AML is occasionally diagnosed during pregnancy, either because of clinical manifestations or as an incidental finding during blood count checks. If detected during the first trimester, termination of pregnancy followed by treatment of the leukemia is advisable. The management of patients diagnosed later in pregnancy, such as late in the second trimester or during the third trimester, is more problematic. In the latter group of patients, if the leukemia is relatively indolent, it is sometimes possible to manage patients conservatively with leukapheresis and/or transfusion with induction of labor and delivery of the fetus as soon as possible.³⁶¹ There have also been many reports of patients treated with chemotherapy later in their pregnancy.^362,363 The majority of these women have not aborted, and there have been no reports of leukemia occuring in the children, nor an increased incidence of fetal abnormalities in infants who have been exposed to AML chemotherapy during the later stages of gestation.

Metabolic Abnormalities

Patients receiving treatment for AML can experience a wide range of metabolic problems as a consequence of vomiting, diarrhea, impaired nutrition, or renal dysfunction, usually due to side effects from antibiotics or amphotericin B. Some metabolic disorders are related to the leukemic process itself. Hyperuricemia, occasionally accompanied by urate nephropathy with renal insufficiency, is the most frequent metabolic accompaniment of AML. All patients should receive allopurinol, 300 mg/d or more, as soon as the diagnosis of acute leukemia is established, so that the chemotherapy can be administered as soon as is medically appropriate. In most patients, the urate nephropathy can be avoided or ameliorated with vigorous hydration and urinary alkalization with systemic or oral administration of sodium bicarbonate. Allopurinol can usually be discontinued within a day or two after chemotherapy is completed.

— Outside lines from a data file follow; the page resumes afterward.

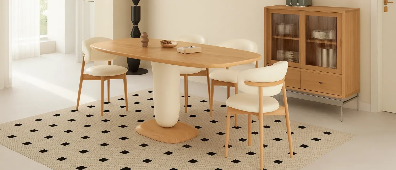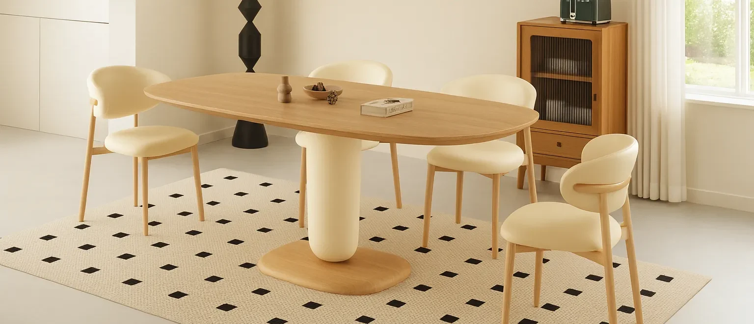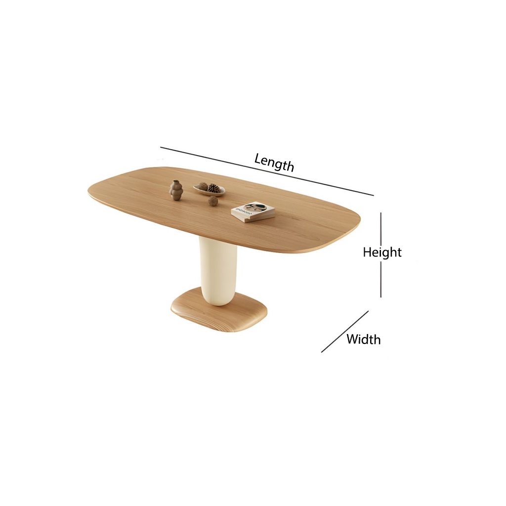Designed with a modern approach, this wooden dining table offers a clean and balanced look for your home. The soft rectangular shape and smooth finish create an inviting space for meals and gatherings. The tabletop is crafted from wood with natural grain patterns, supported by a stable pedestal base for reliable use. Its fixed structure ensures lasting stability, while the rounded edges add to its contemporary design.
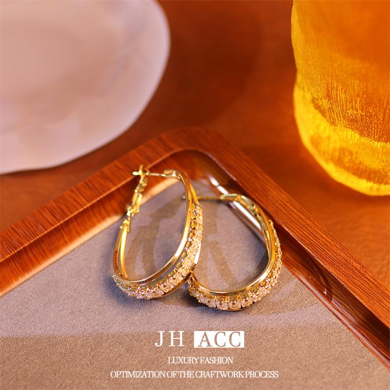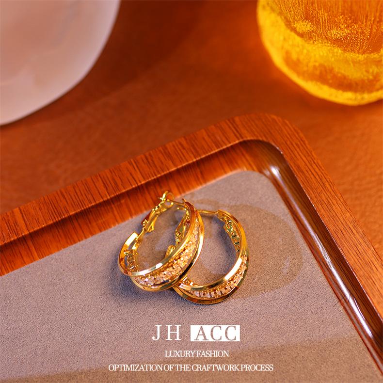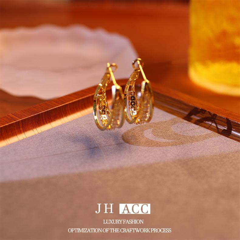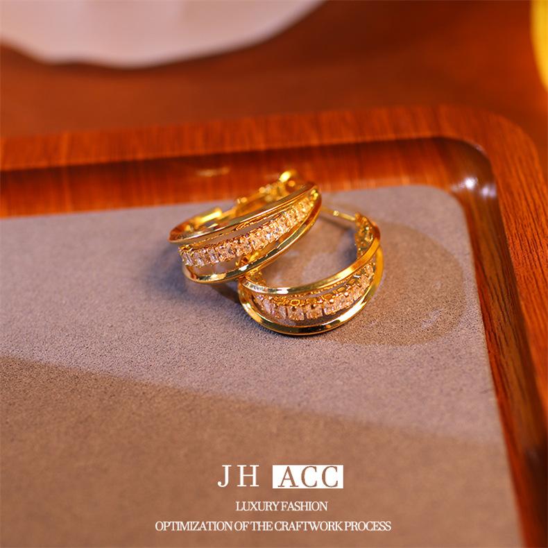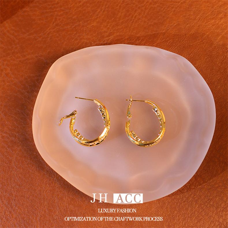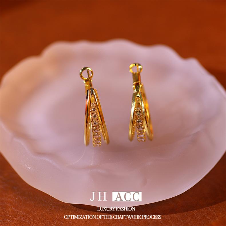Jiehao Chao Temperamento de Lujo Ligero Aretes de Aro Dorados de Alta Gama para Mujer Aguja de Plata S925 Diseño Personalizado Aretes al Mayoreo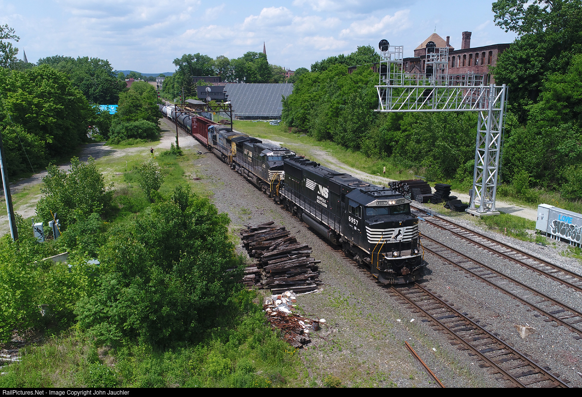 In a shot taken on the last day of operation for Pan Am Railways, Pan Am Southern (joint venture between Pan Am Railways and Norfolk Southern) 16R comes off the system's western main line to Mechanicville/Rotterdam Junction, NY. Just ahead lies the large East Deerfield Yard. Five years ago, many thought a Norfolk Southern purchase of Pan Am would be in the cards. Priorities changed for NS, and instead, CSX ended up with a major expansion into New England with its own purchase of Pan Am. 16R at the time this photo was taken changed symbols to ED-9 at East Deerfield for the remainder of its journey to Ayer, MA; it now apparently keeps the 16R symbol all the way. Not much else has changed.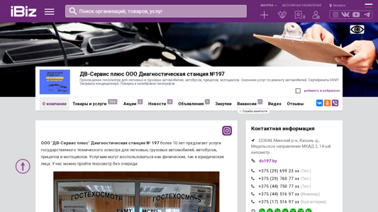 | Название / Заголовок | ДВ-Сервис плюс ООО Диагностическая станция №197 - Прохождение техосмотра для легковых и грузовых автомобилей, автобусов, прицепов, мотоциклов. Оказание услуг по ремонту автомобилей. Сертификаты ЕКМТ. Заправка кондиционера. Поверка и калибровка тахографов.. 223044, , Касынь д., Мядельское направление МКАД 2, 14-ый километр |
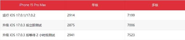 对着iOS 17.0.3发布,有博主也对 iPhone 15 Pro发热与性能进行测试。从测试数据来看,iPhone 15 Pro系列设备升级到最新版后,发热问题有所改善,且跑分变化不大,甚至还有一定的上升。

Tumor lysis syndrome occurs more frequently in patients with ALL, although some AML patients experience hyperphosphatemia, hypocalcemia, hyperkalemia, and renal insufficiency as a consequence of massive leukemic cell death.³⁶⁴ The inciting cause seems to be release of large amounts of phosphate from lysed blasts, which co-precipitates with calcium in the kidneys, leading to hypocalcemia and sometimes to oliguric renal failure. Hyperuricemia further contributes to this problem, which is usually self-limited and responds to judicious hydration. Despite markedly hypercellular marrows, hypercalcemia is extremely unusual in patients with AML. Severe, occasionally symptomatic, hypokalemia is not infrequent, particularly in patients with monocytic leukemias. The mechanism appears to be renal potassium loss because of tubular damage induced by the high levels of lysozyme often noted in these patients.¹⁰⁸ Aggressive replacement with parenteral potassium is required; the syndrome usually abates after cytoreduction by chemotherapy. Lastly, rare patients have been described in whom lactic acidosis has been a constant metabolic accompaniment of the leukemia both at the time of presentation and relapse.³⁶⁵ The mechanism is unclear, although anaerobic metabolism by the leukemic cells at sites of leukostasis has been postulated.